Winning Singer-Songwriter of the year in 2013 at the 11th Annual Texas Music Awards and taking home the prize for Americana Song of the Year in the Billboard International Song Contest in 2008 are just two of the many honors already bestowed on Houston based musician Matt Harlan in his relatively short career. His July concert for Flying Cat Music marks Matt’s return from a European tour where his Texas tinged Folk Roots sound has earned him a loyal following. Each of the three CDs that Matt Harlan has released to date hit the #1 spot on the Euro Americana Chart, an impressive accomplishment considering that Americana music is in many ways more popular in Europe than it is here at home.

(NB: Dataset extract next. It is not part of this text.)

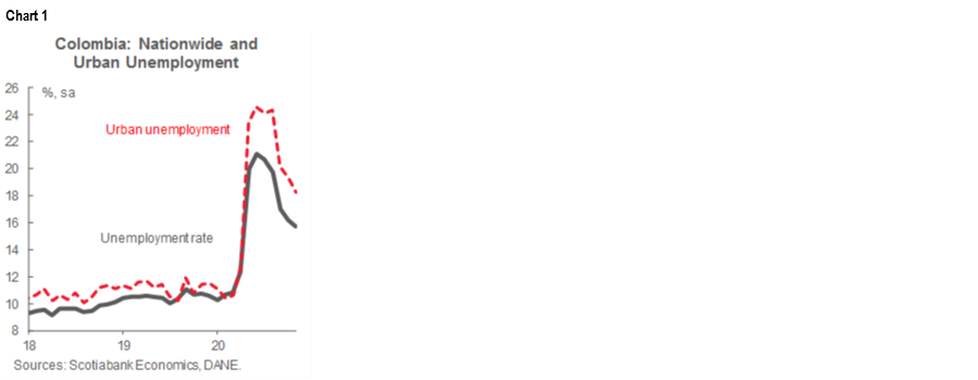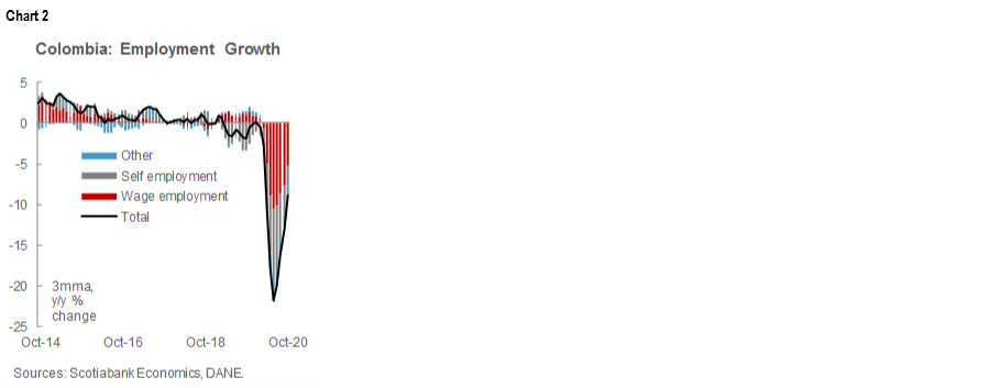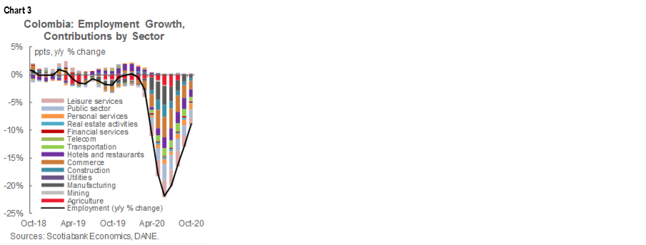 On Monday, November 30, DANE reported that in October, nationwide unemployment came in at 14.7% (October 2019 was 9.8%), while urban unemployment (i.e., across 13 cities) came in at 16.8% (October 2019 was 10.4%). The seasonally-adjusted series showed that the national unemployment rate improved to 15.7% in October versus 16.2% in September 2020, while the urban unemployment rate came down from 19.3% in September to 18.2% in October—the best figures we’ve seen during the pandemic (chart 1). DANE’s Director, Juan Daniel Oviedo, noted that October’s labour-market data clarified some of the structural losses that Colombia’s economy has experienced this year and pointed to some key areas on which public policy could focus to advance the economic recovery.

Texas has a strong tradition of producing outstanding singer-songwriters crafting classic Americana music, whether it’s called folk, outlaw country, or any of a number of labels falling somewhere in between. Matt Harlan fits well within that honored tradition. 3rd Coast Music Magazine says of Harlan, “it really does come down to the songs, and if others want to be taken seriously as Texas singer-songwriters, this is how good they have to be.”
A 2014 review in No Depression Magazine stated, “24-carat Texas folk/country songwriting is alive and well in Matt Harlan’s head and hands.” The reviewer called Matt’s most recent CD, Raven Hotel, “the finest song collection I’ve stumbled across this year — in many a year, for that matter. An ageless 21st Century creation in the mold of those classic 1970’s Texas folk/country songwriters.”

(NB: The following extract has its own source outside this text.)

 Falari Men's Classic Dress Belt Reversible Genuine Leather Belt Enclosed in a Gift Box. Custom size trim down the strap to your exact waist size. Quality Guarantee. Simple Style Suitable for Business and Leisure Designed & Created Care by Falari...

Matt Harlan may not fit the mainstream of modern country music and likely he never will, but his songs have stirred waves in that realm. In September 2012, Country Music Television (CMT) launched that network’s newest digital venture, CMT Edge, with a focus on showcasing artists on the fringe of country music. CMT Edge producer Craig Shelburne described it as a platform to encourage music diversity in three genres: Americana, Bluegrass, and Classic Country. Matt Harlan was among the first artists featured by that site. In an October 2012 article on him they observed, “Harlan does not write about mindless Saturday night revelry. Instead, he elegantly captures Sunday morning redemption and regret”.

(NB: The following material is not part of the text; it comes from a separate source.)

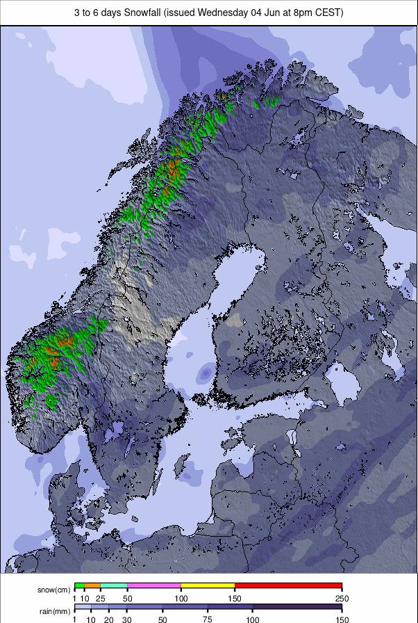 Une perspective mixte, avec du soleil et des douches dominantes. Les bas de nuit tomberont toujours bien en dessous de congélation – à -5 ° C est possible. Les sommets diurnes atteindront environ + 5 ° C à Galdhøpiggen et potentiellement + 10 ° C chez Stryn. Des précipitations légères sont attendues la plupart du temps – généralement seulement quelques centimètres ou un pouce environ – avec la pluie, le grésil ou la neige possibles en fonction de l’heure du jour ou de la nuit.

Matt is a joy to see perform live as his deft guitar work propels his narratives forward, his stories delivered in a rich warm voice as comfortable as faded jeans. His tales are told with poetry and grit and an emotional transparency reminiscent of early Jackson Brown, with a presence at once both powerful and unassuming. It is both fitting and possibly a precursor of things to come that Matt was featured alongside Texas music legends Lyle Lovett, Robert Earl Keen, Nanci Griffith, Guy Clark, and others in the 2010 documentary, For the Sake of the Song, which chronicles and celebrates the music of those and other equally notable songwriters and performers whose careers were nurtured for over 40 years at the Anderson Fair Restaurant in Texas.
Few may know of Matt Harlan here in New York State, but it’s unlikely to remain that way, and there is no better setting to be introduced to his music than at the Empire State Railway Museum in Phoenicia.